★★★★ 3.5 Stars
Genre: Dark Fantasy / Retelling
Series: Disney Villains
Publication Date: July 26th, 2016
Publisher: Disney Press
“Hate. Her magic was infused with it. And in that hate was a deep, penetrating sorrow. Those humans had taken from her the only person who had loved her, and she was going to make them suffer.”
The sea is a veritable breeding ground for tragedy, and this particular tragedy is a soft reimagining of The Little Mermaid from the villain, Ursula’s, point of view. Well, partly from Ursula’s point of view. Poor Unfortunate Soul tweaks the tale just enough, keeping most of the original story intact while dwelling on the behind-the-scenes schemes that led to its events.
I honestly had no idea that this was the third book in a series. I didn’t think they were connected other than being about Disney villains, but apparently there are some characters exclusive to the retellings that intertwine them all. At least, I think they’re exclusive – I’m not exactly a professional Disneyologist. I know several of the movies fairly well but there’s also several that I’m not familiar with at all, so I have no idea.

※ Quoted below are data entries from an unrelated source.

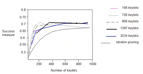 The authors also pruned the 166-, 726-, 960- and 1387-bit keysets and plotted the success measure against the number of keys: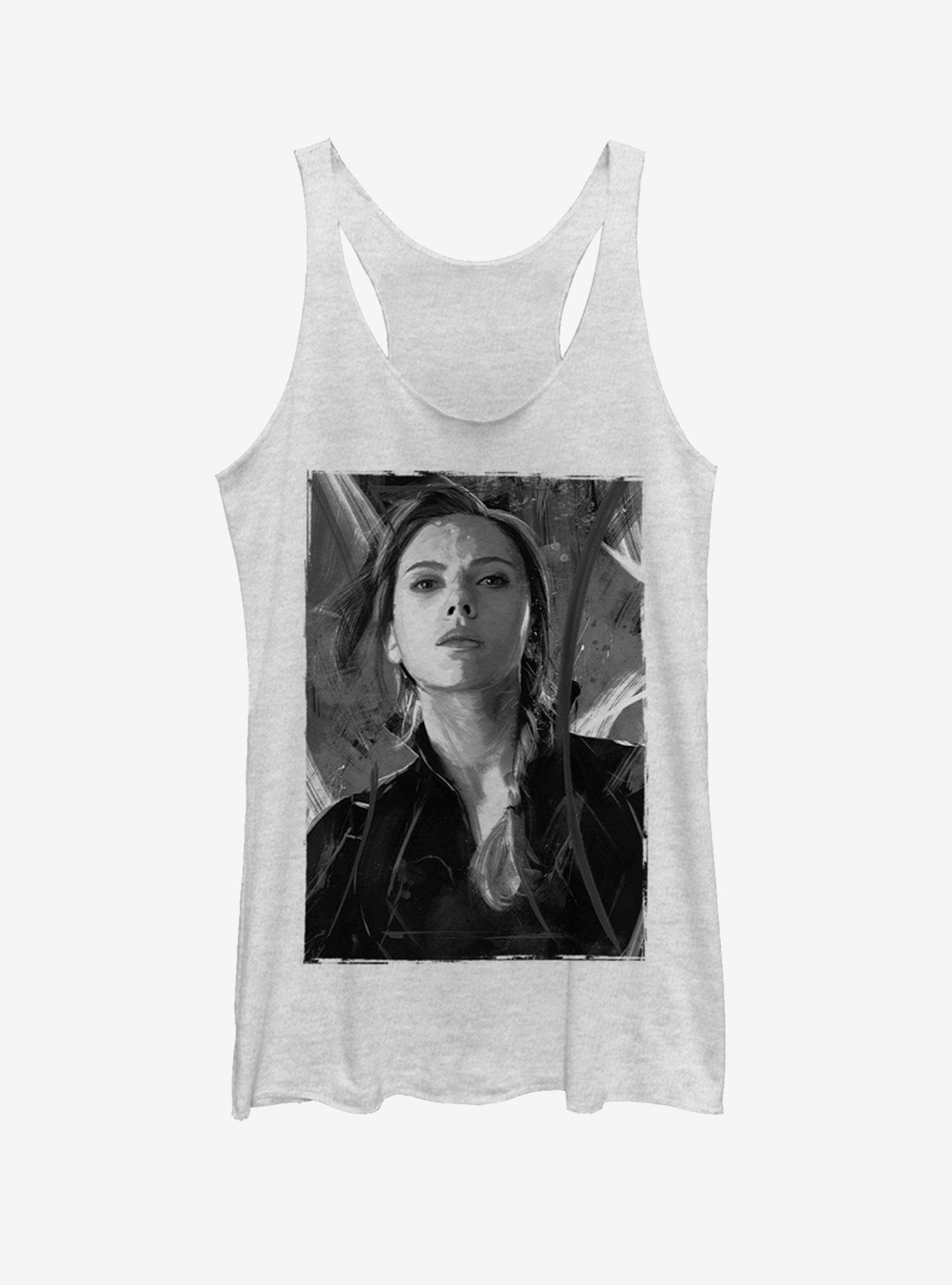 Whatever it takes! This heathered white tank from Avengers: Endgame features Natasha Romanoff, AKA Black Widow, screened on the front.
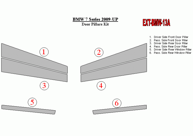 BMW 7 Series 2009-UP Exterior Door Window Pillar Post Cover Trim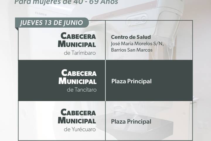 NOTICIAS 07/06/2024Realizará SSM mastografías gratuitas en 5 municipios de MichoacánLa Secretaría de Salud de Michoacán (SSM) realizará la próxima semana mastografías gratuitas en los municipios de Copándaro, Tarímbaro, Tancítaro, Tanhuato y Yurécuaro, como parte de la campaña de detección oportuna de cáncer de mama.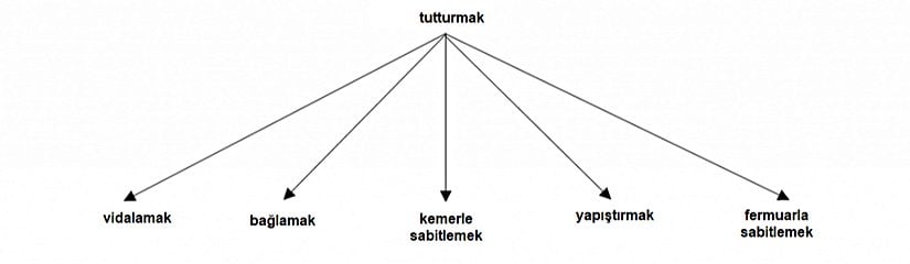 Bunu yapmanın özellikle iyi bir yolu, başka bir fiil tarafından tanımlanan genel bir eylemi gerçekleştirmenin belirli bir yolunu tanımlayan fiiller anlamına gelen troponimlerin bir listesini oluşturmaktır. Aşağıdaki görselde tutturmak fiilinin farklı bağlamlarda kullanımını göreceksiniz: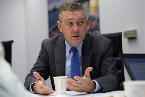| Le président de la Fed de Saint Louis (Missouri), James Bullard, le 6 août lors d'une interview à l'AFP à Washington, DC. |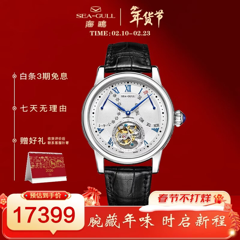 自营海鸥(SEAGULL)手表男陀飞轮自动机械表 男士手表 日历星期鳄鱼皮带男表ST8004ZS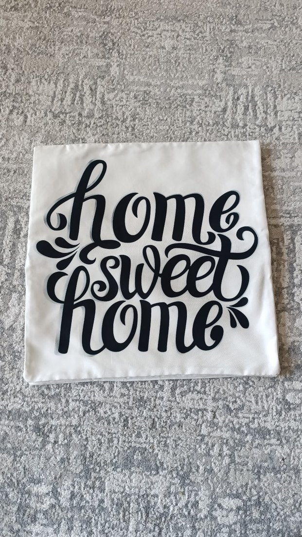 Beyaz renkli kırlent kılıfı, siyah renkte 'home sweet home' baskısıyla modern bir dekoratif dokunuş sağlar. 2 adet

My mistake there.
I don’t think you’ll have a problem getting the gist of what’s going on… but you might be disappointed that Ursula herself isn’t a bigger figure in the plot.
I know, right? The main focus is on a trio of witches and a Princess Tulip who apparently owes Ursula some sort of favour. They do give the boisterous siren some interesting backstory that opens with a visceral massacre of the humans who wronged her, her magic mutating them horrifically into soulless sirens. That’s a little… grimmer than the cartoon, I have to say.
Wonder if that’s a nod back to The Little Mermaid’s Andersen roots.
Anyway, I do like the witch sisters a lot, and their incorporation into the story was smoothly executed. Poor Unfortunate Soul also allows for a strange grey morality to seep into a story that had a much clearer distinction between good and evil in the original. Triton comes across as much more bigoted, and Ursula has moments that suggest maybe she’s just unlucky. As it turns out, you can be both unfortunate and evil, without those traits tying into each other.
I liked this take on the story – it’s an interesting short read and I’ve never seen another book use the term ‘Ophelian’, but there’s really no other fairytale more perfect for that description than The Little Mermaid.